So, in the world I inhabit (telecomms, essentially) SLAs are a fact of life.
We divide them into two main sections:
Hardware is then divided into two:
2. Fault fix
Fault fixes then have two or three categories:
1. Respond (pick up phone, log issue)
2. Restore (software only - temporary fix/patch)
3. Resolve (full fix)
Divided this way, it is easier then to determine the KPIs that you measure against.
KPIs need to be sensible, reasonable, and apply to your customer's situaiton. there is no point in trying to impose something that is practically irrelevant or unworkable. Instead, you need to agree with your customer at the outset what the KPIs are, and what the failure trigger points are on the SLA.
Often, we find oursevelves in a situation where we grade the level of failure: minor, major critical.
You then need to establish how often SLA failures are measured, and whose responsibility it is for highlighting those failuers.

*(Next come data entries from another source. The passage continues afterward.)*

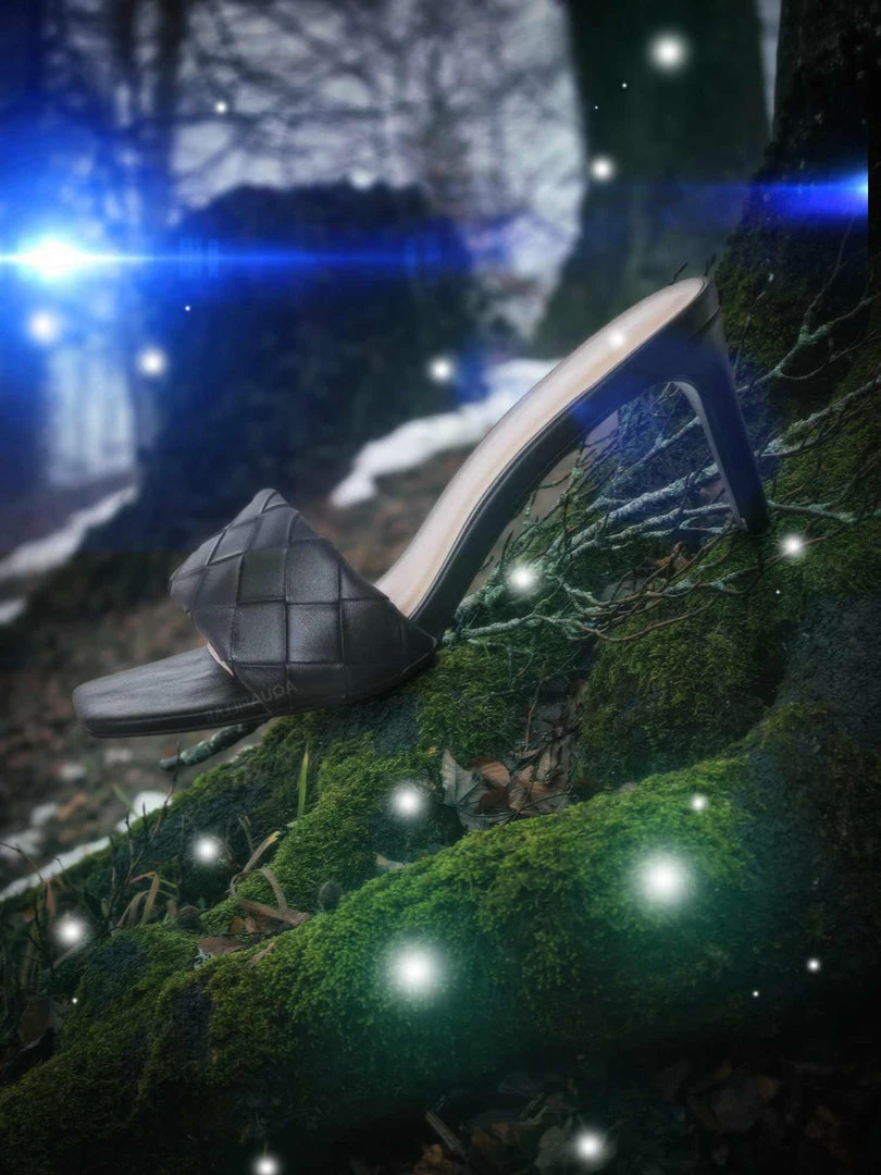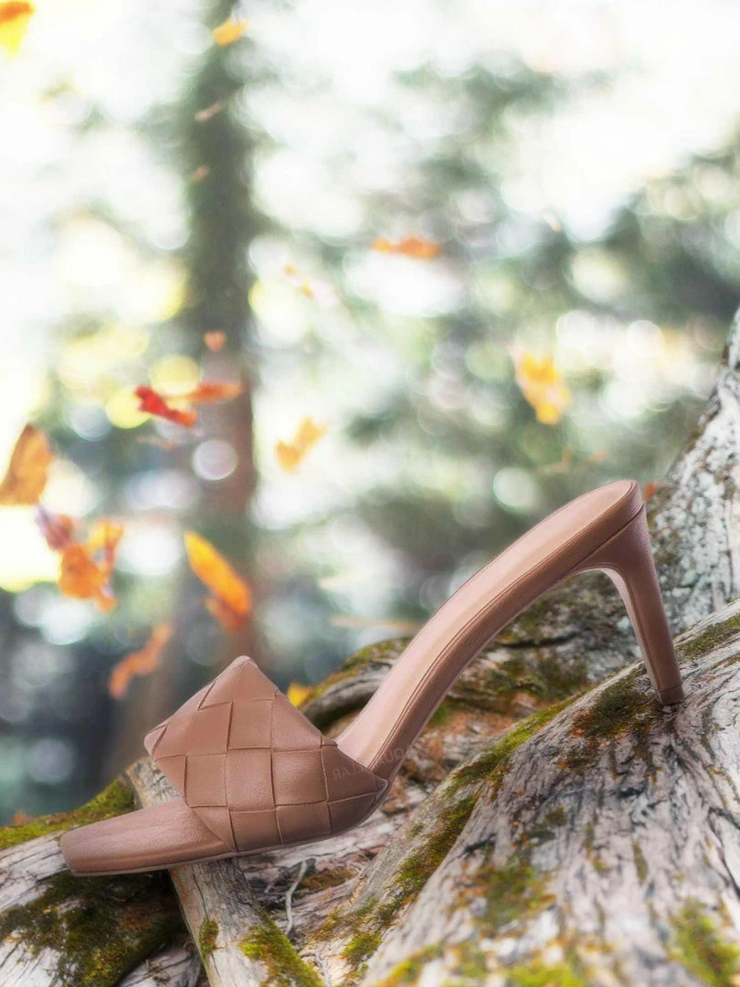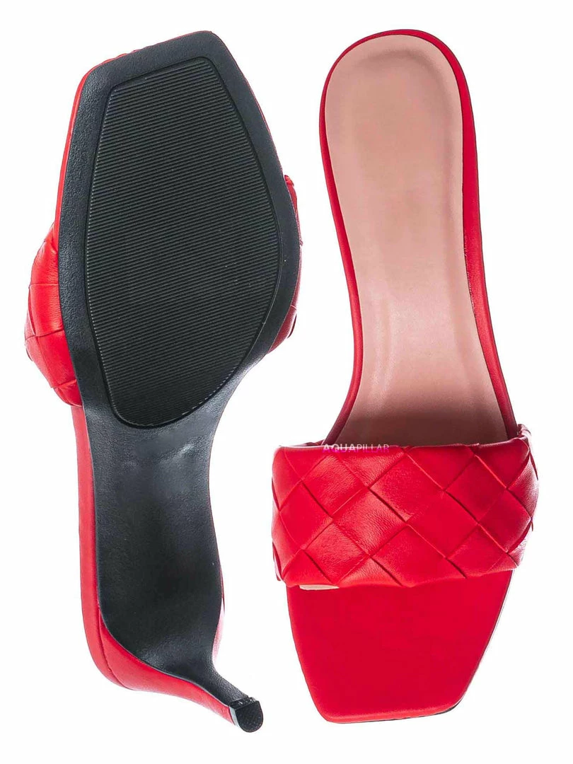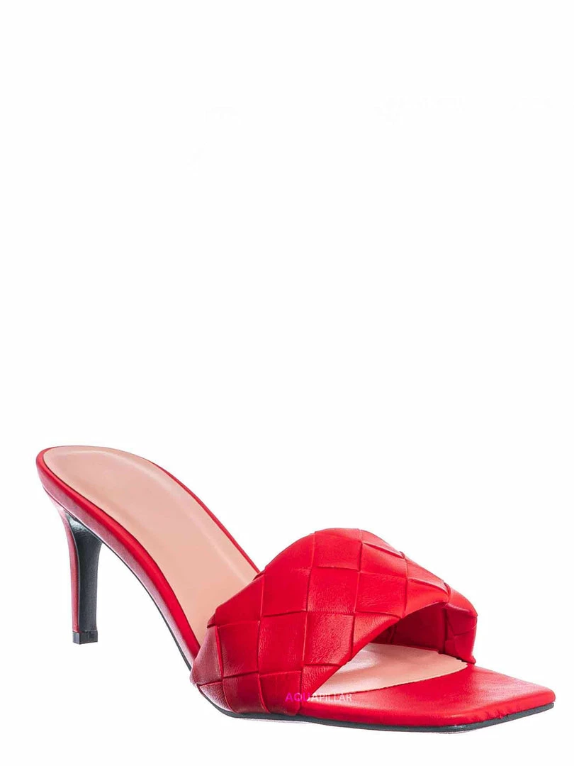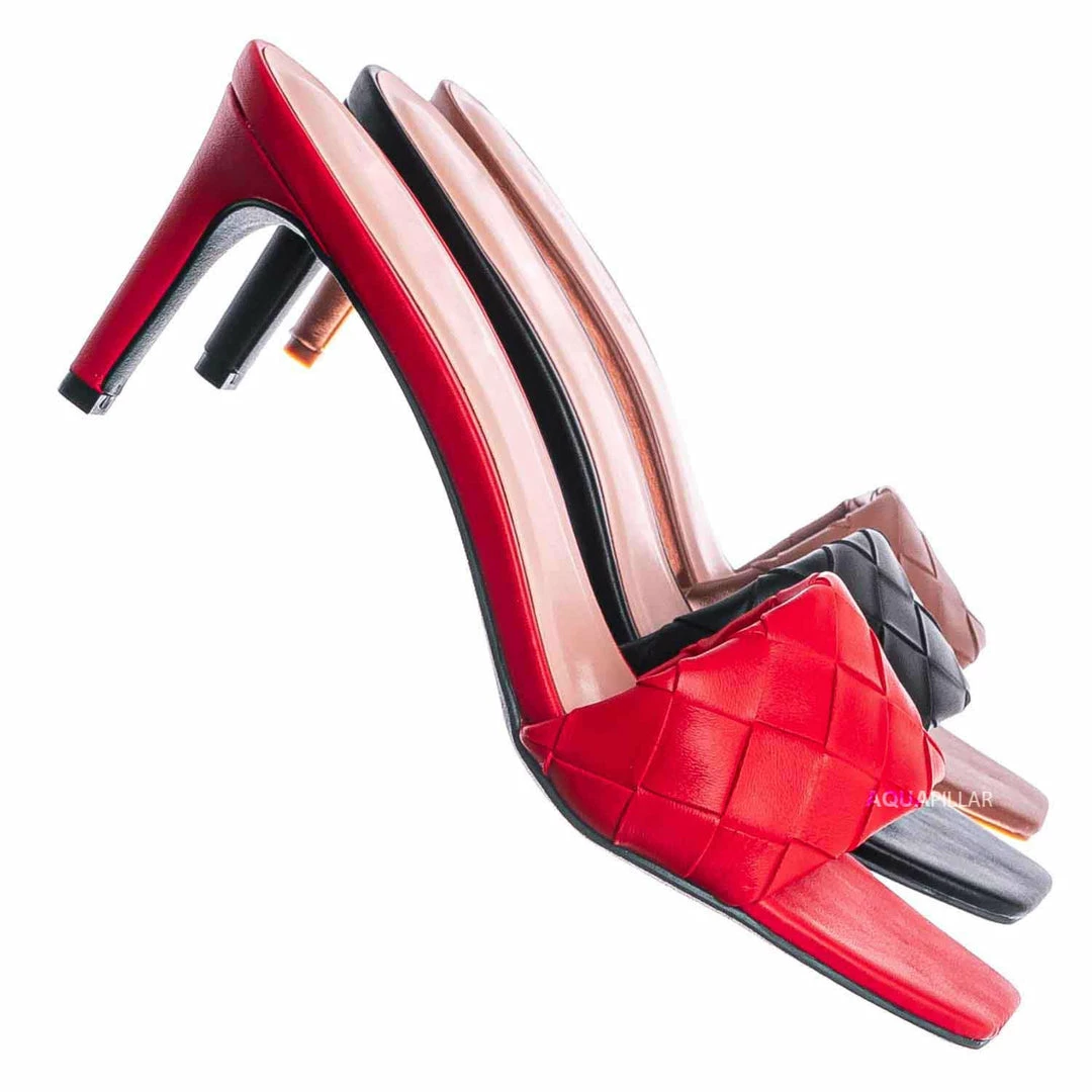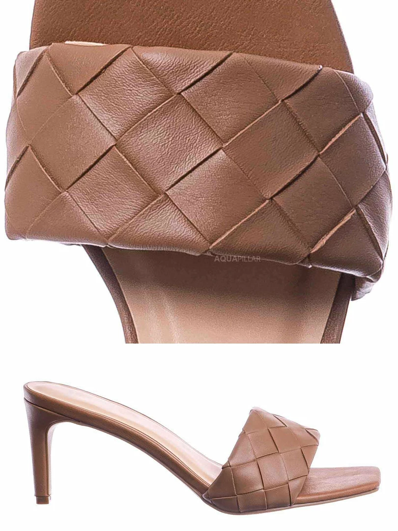 Product Detail : These easy to slip on sandals features a thin stiletto high heel, opened squared toe and wide woven vamp. The insole is lightly padded and the basket weaves are made of vegan friendly faux leather.
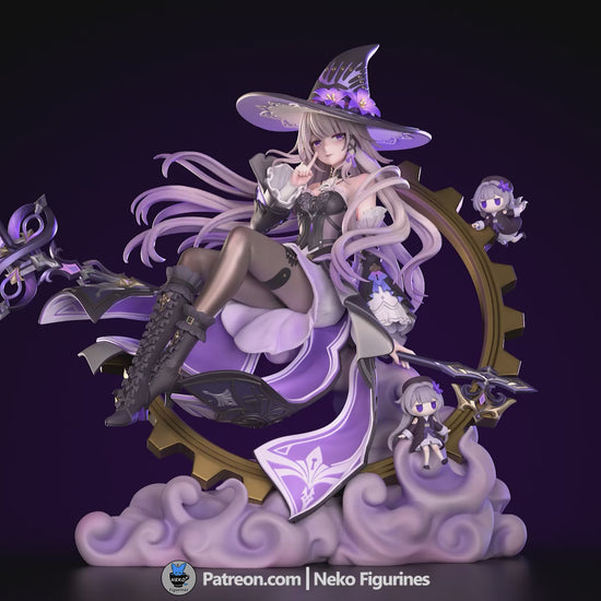A detailed resin collectible figure of Herta from Honkai Star Rail.
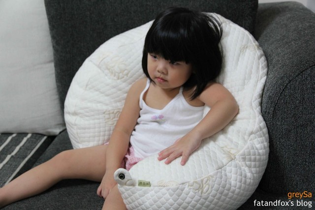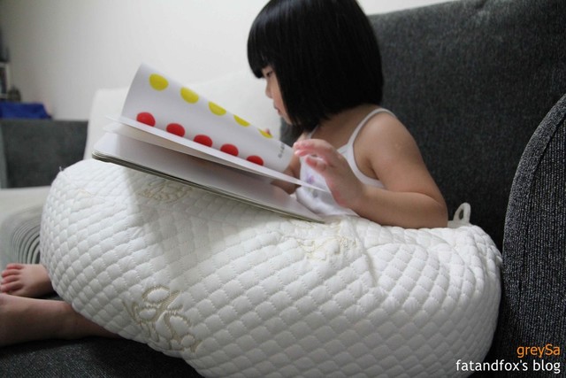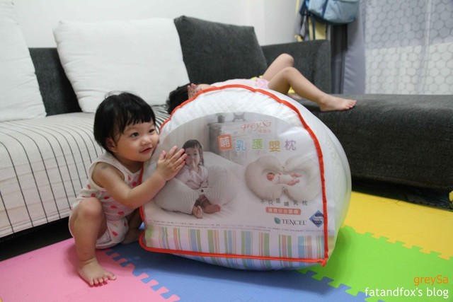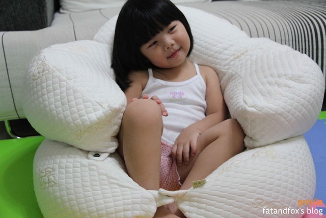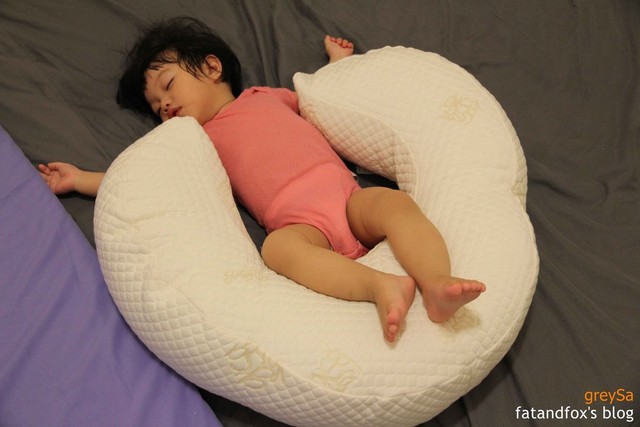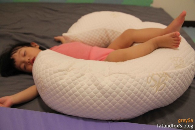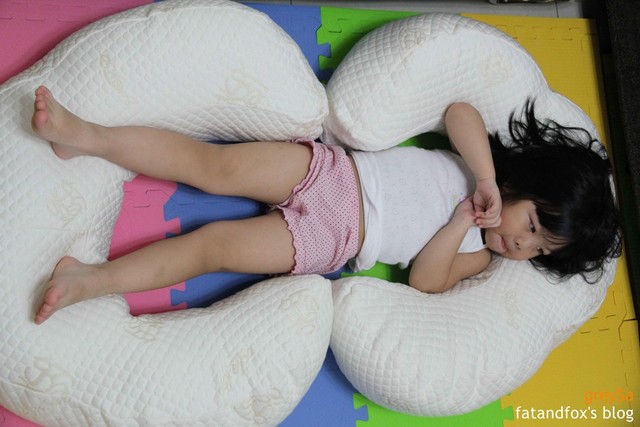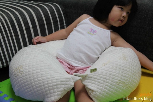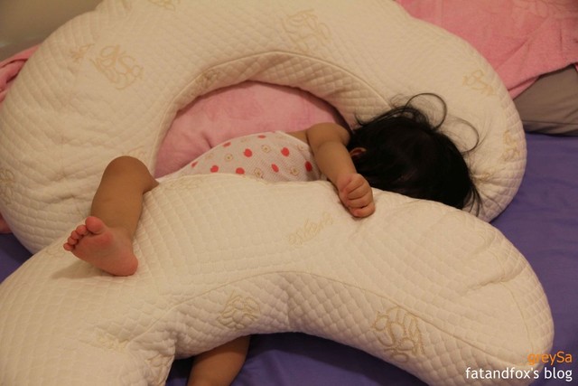 另外我還滿常把哺乳枕拿來當防護的,像芃芃還小,為了怕她翻下床,把它擺成U字型就可以三面保護,而且GreySa格蕾莎 哺乳護嬰枕夠高,也比較不易「翻牆」。
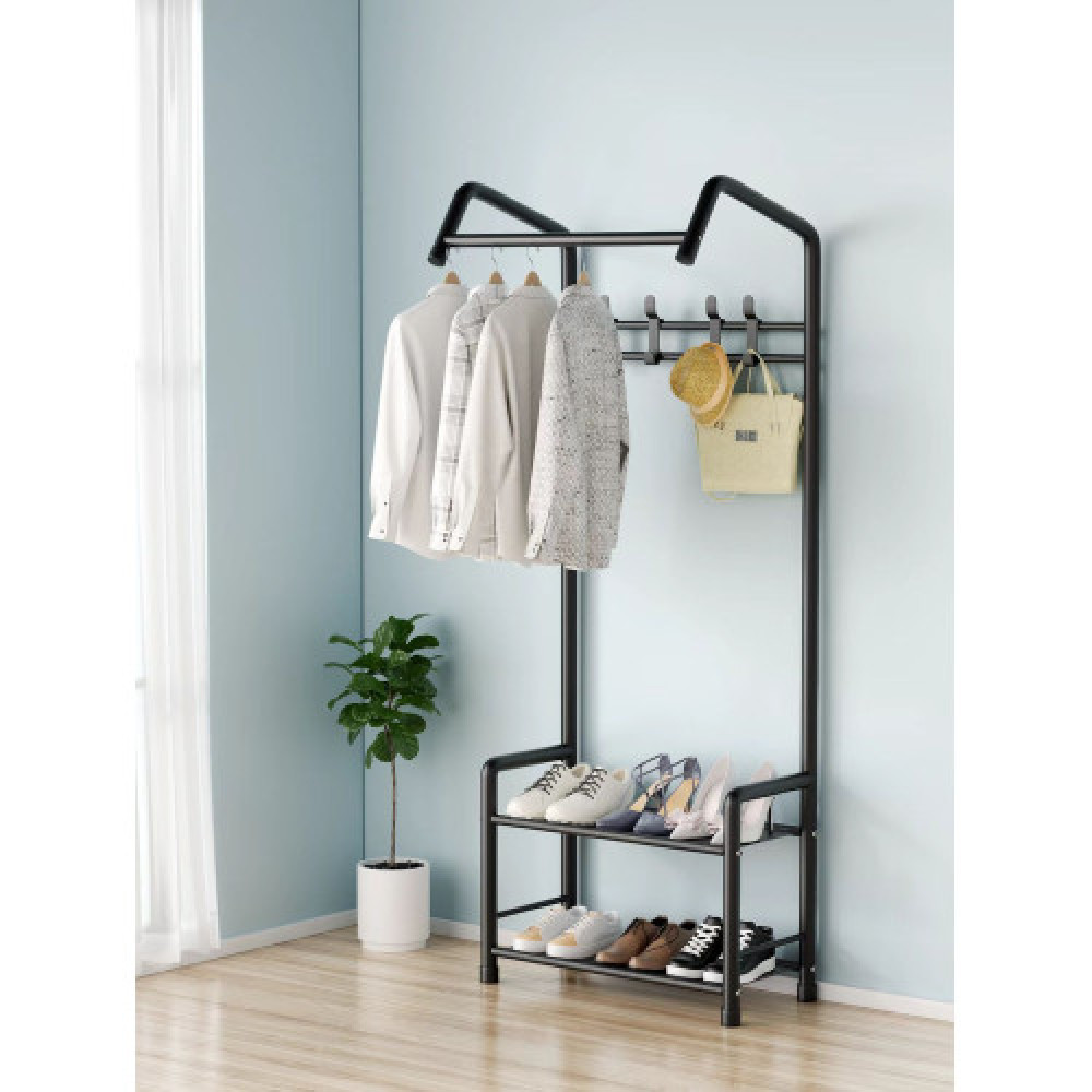 Stāvamais drēbju statīvs ar āķiem un 2 plauktiem apaviem

The world of telecomms relies on a service credits system - essentially, SLA failures equal money off the next bill.
We then consider (since all my SLAs are external) at what point we get the right to terminate the contract. We usually operate on a material and persistent breach basis (material = so bad we want to walk away now; persistent = not so bad as a one off, but enough of them mean we're p*ssed off enough to sack the supplier).
So, if the SLA is internal, then there is likely to be a budgetry alignment somewhere (otherwise why have an SLA). You could introduce a service credits (aka service level guarantee - SLG) regime where there is a re-allocaiton of budget for SLA failures. That ought to concentrate the minds of those whose incomes are performance related...